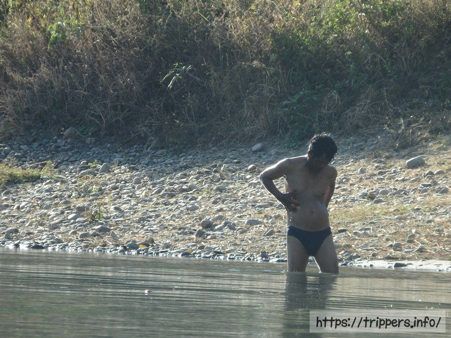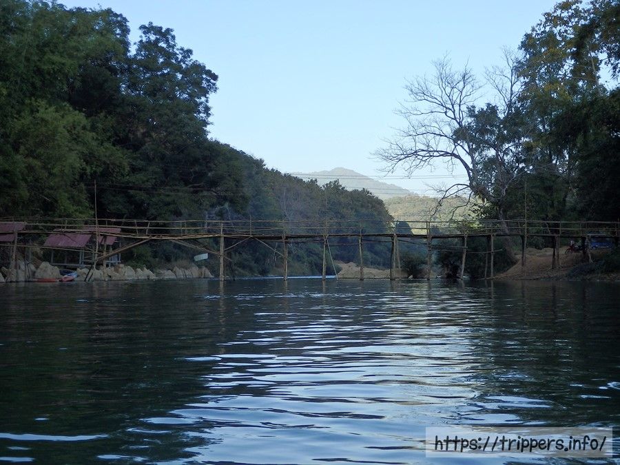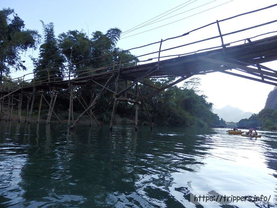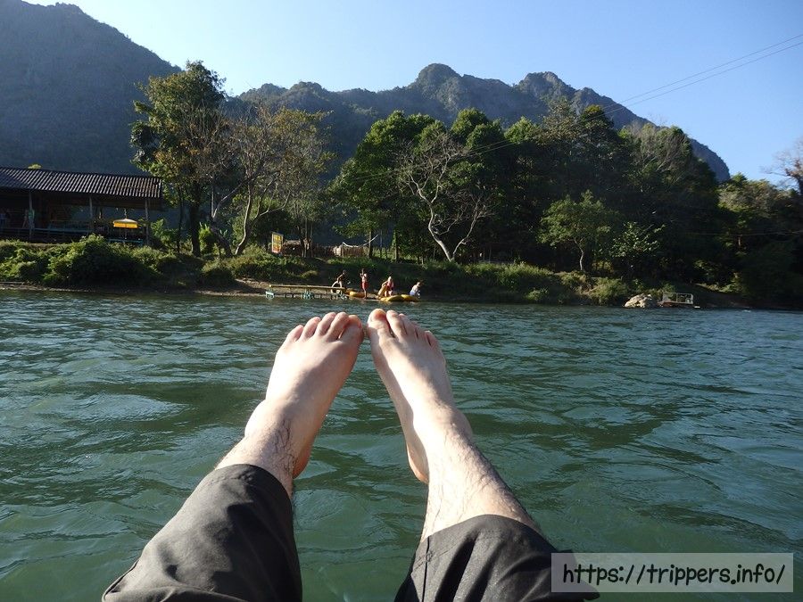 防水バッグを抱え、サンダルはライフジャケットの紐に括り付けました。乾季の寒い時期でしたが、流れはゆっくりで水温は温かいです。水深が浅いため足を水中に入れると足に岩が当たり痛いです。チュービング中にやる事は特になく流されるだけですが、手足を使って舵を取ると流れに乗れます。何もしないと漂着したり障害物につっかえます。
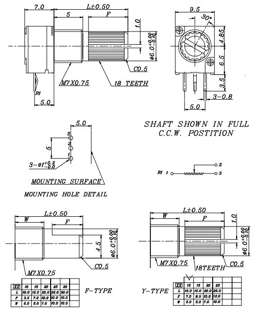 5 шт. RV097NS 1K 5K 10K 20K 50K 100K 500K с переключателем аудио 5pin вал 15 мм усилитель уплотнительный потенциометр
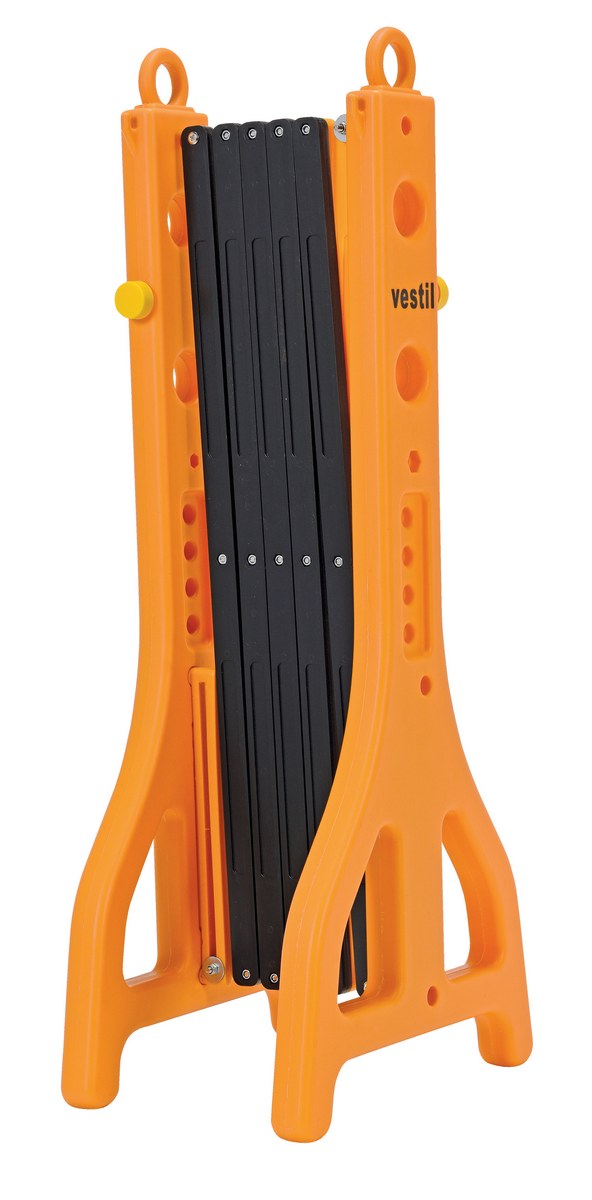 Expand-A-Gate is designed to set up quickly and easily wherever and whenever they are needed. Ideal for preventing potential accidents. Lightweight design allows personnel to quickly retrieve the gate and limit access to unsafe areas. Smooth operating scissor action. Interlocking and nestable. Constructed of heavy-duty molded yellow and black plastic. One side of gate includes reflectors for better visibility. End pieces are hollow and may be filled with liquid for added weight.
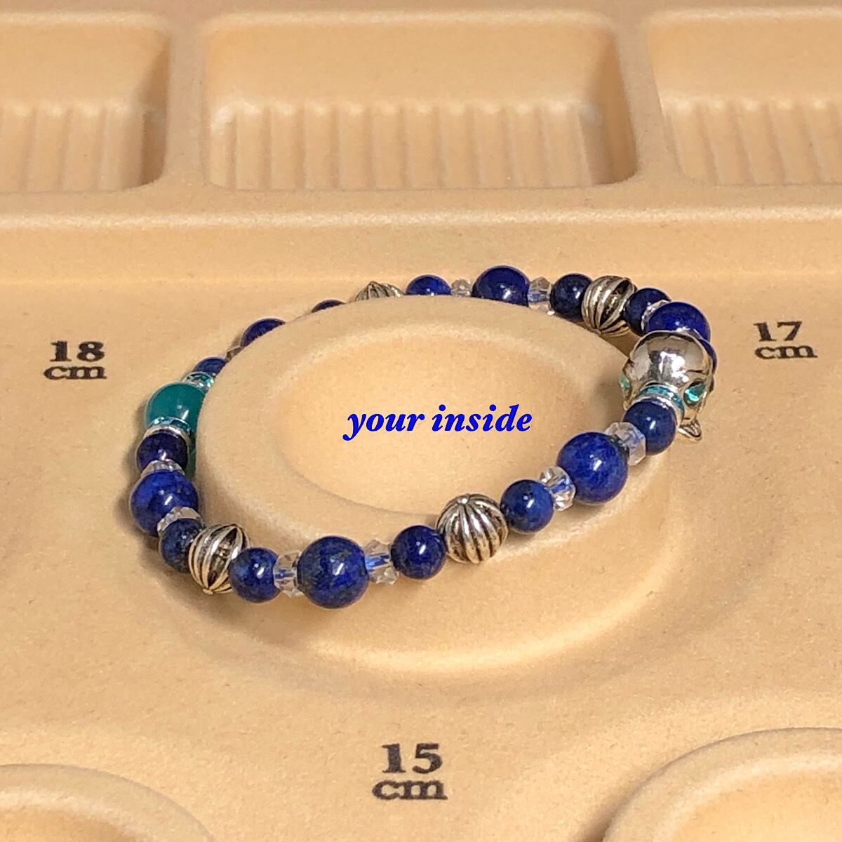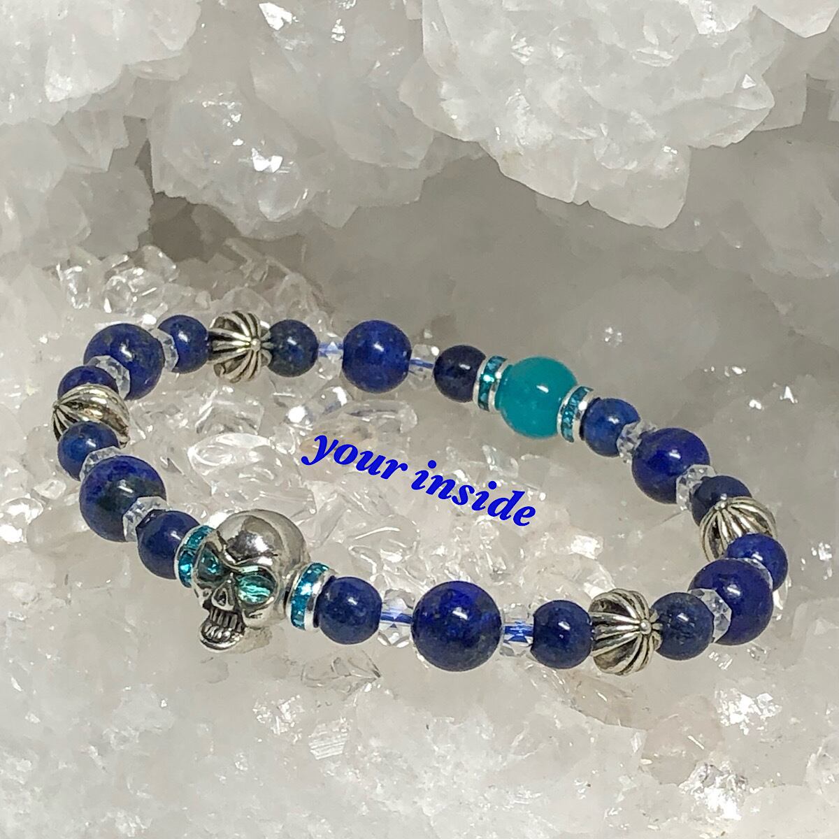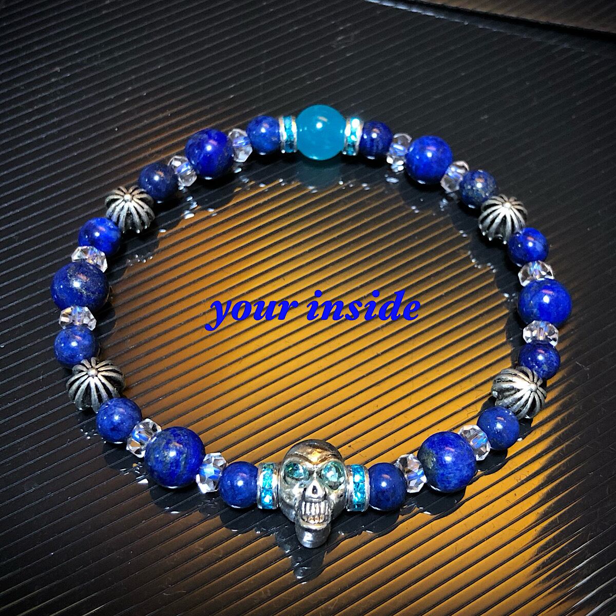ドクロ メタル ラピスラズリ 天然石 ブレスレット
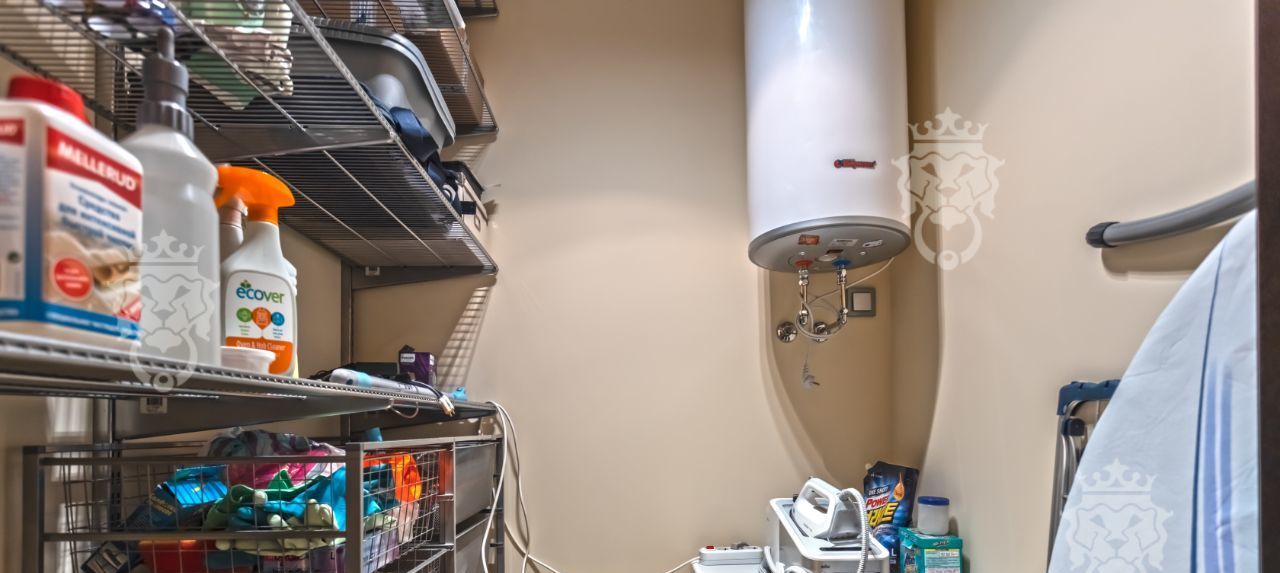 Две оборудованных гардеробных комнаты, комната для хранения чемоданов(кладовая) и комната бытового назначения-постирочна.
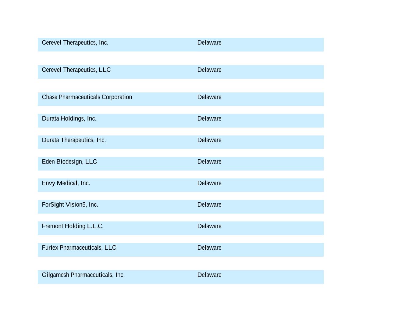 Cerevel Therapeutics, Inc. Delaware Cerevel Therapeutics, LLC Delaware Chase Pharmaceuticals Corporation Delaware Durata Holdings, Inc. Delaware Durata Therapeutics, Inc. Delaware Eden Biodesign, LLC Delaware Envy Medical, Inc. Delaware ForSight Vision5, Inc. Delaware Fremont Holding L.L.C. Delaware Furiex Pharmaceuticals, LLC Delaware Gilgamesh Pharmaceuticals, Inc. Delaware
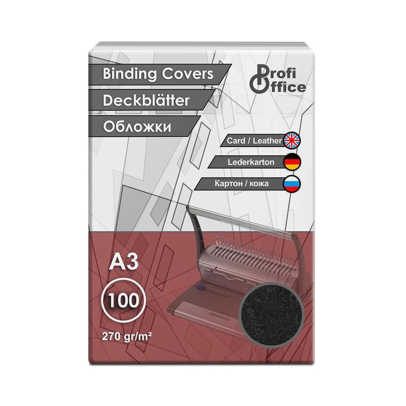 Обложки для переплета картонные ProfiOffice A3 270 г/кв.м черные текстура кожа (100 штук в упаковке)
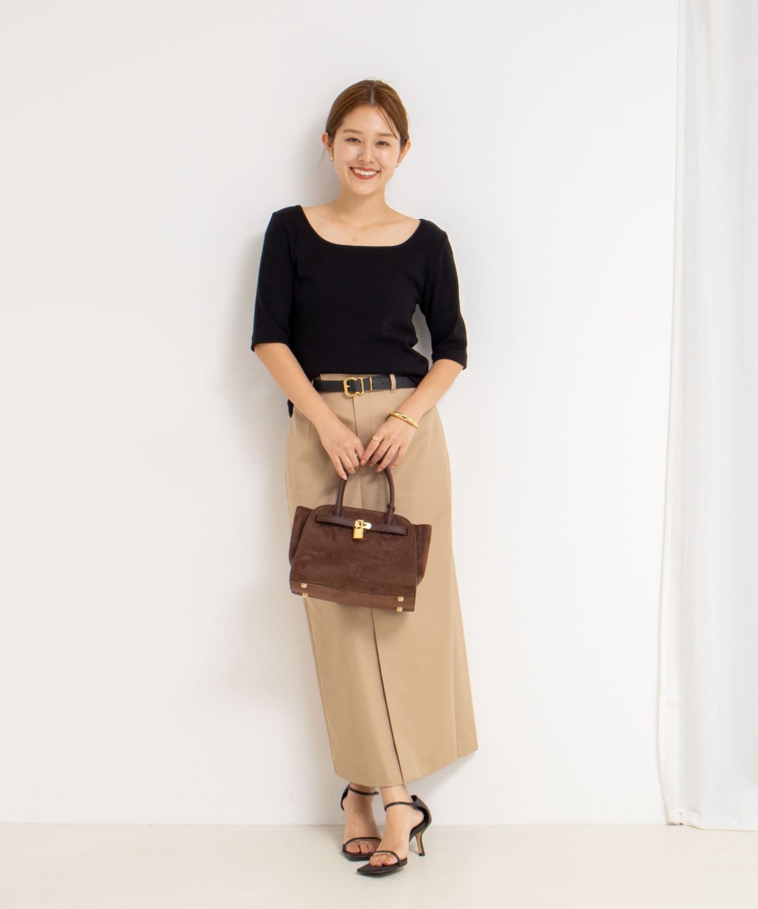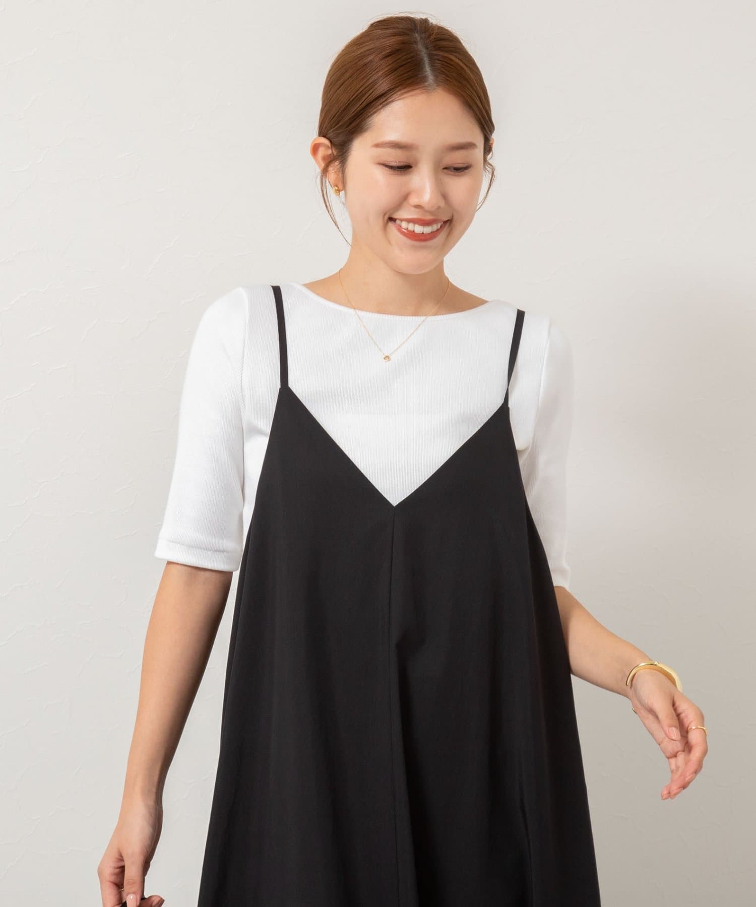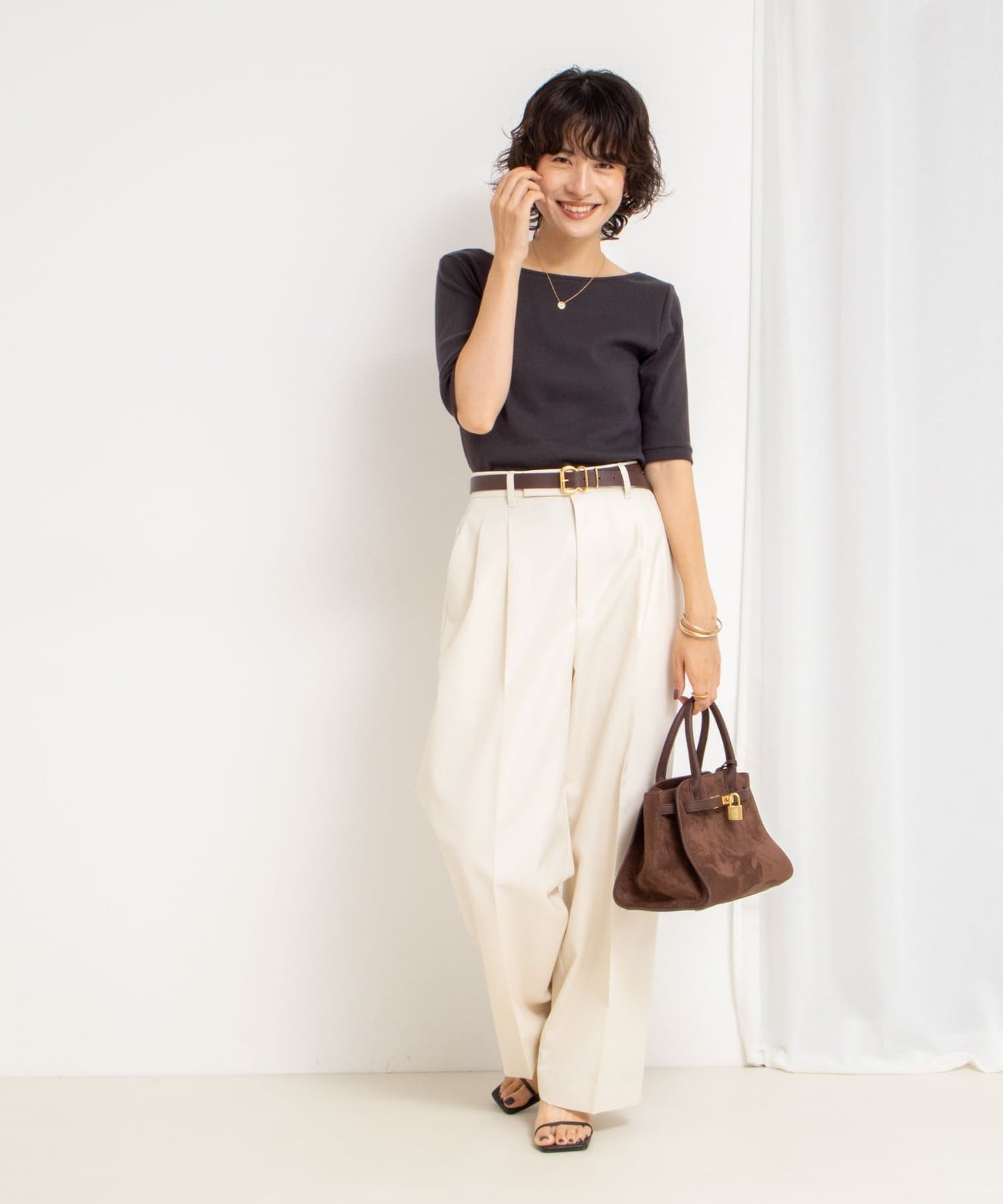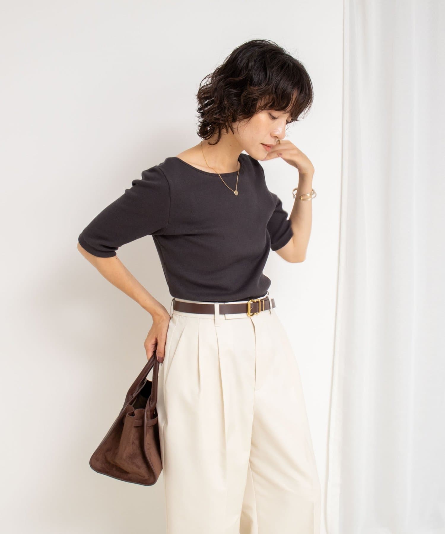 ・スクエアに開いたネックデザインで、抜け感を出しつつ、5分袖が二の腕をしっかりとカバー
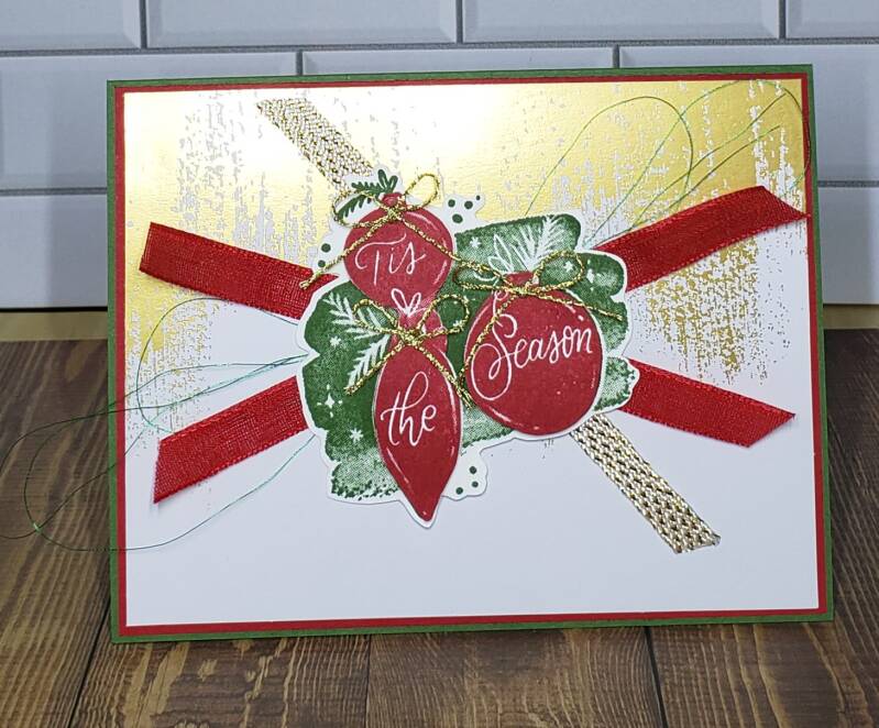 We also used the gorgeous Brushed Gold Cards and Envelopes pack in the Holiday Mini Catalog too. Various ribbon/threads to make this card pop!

☆ ☆ ☆ ☆

WHAT THIS TASK INVOLVES:
Transcribe the listing above verbatim. No picture belongs in the result.

RESPONSE BOX:
 防水バッグを抱え、サンダルはライフジャケットの紐に括り付けました。乾季の寒い時期でしたが、流れはゆっくりで水温は温かいです。水深が浅いため足を水中に入れると足に岩が当たり痛いです。チュービング中にやる事は特になく流されるだけですが、手足を使って舵を取ると流れに乗れます。何もしないと漂着したり障害物につっかえます。
 5 шт. RV097NS 1K 5K 10K 20K 50K 100K 500K с переключателем аудио 5pin вал 15 мм усилитель уплотнительный потенциометр
 Expand-A-Gate is designed to set up quickly and easily wherever and whenever they are needed. Ideal for preventing potential accidents. Lightweight design allows personnel to quickly retrieve the gate and limit access to unsafe areas. Smooth operating scissor action. Interlocking and nestable. Constructed of heavy-duty molded yellow and black plastic. One side of gate includes reflectors for better visibility. End pieces are hollow and may be filled with liquid for added weight.
ドクロ メタル ラピスラズリ 天然石 ブレスレット
 Две оборудованных гардеробных комнаты, комната для хранения чемоданов(кладовая) и комната бытового назначения-постирочна.
 Cerevel Therapeutics, Inc. Delaware Cerevel Therapeutics, LLC Delaware Chase Pharmaceuticals Corporation Delaware Durata Holdings, Inc. Delaware Durata Therapeutics, Inc. Delaware Eden Biodesign, LLC Delaware Envy Medical, Inc. Delaware ForSight Vision5, Inc. Delaware Fremont Holding L.L.C. Delaware Furiex Pharmaceuticals, LLC Delaware Gilgamesh Pharmaceuticals, Inc. Delaware
 Обложки для переплета картонные ProfiOffice A3 270 г/кв.м черные текстура кожа (100 штук в упаковке)
 ・スクエアに開いたネックデザインで、抜け感を出しつつ、5分袖が二の腕をしっかりとカバー
 We also used the gorgeous Brushed Gold Cards and Envelopes pack in the Holiday Mini Catalog too. Various ribbon/threads to make this card pop!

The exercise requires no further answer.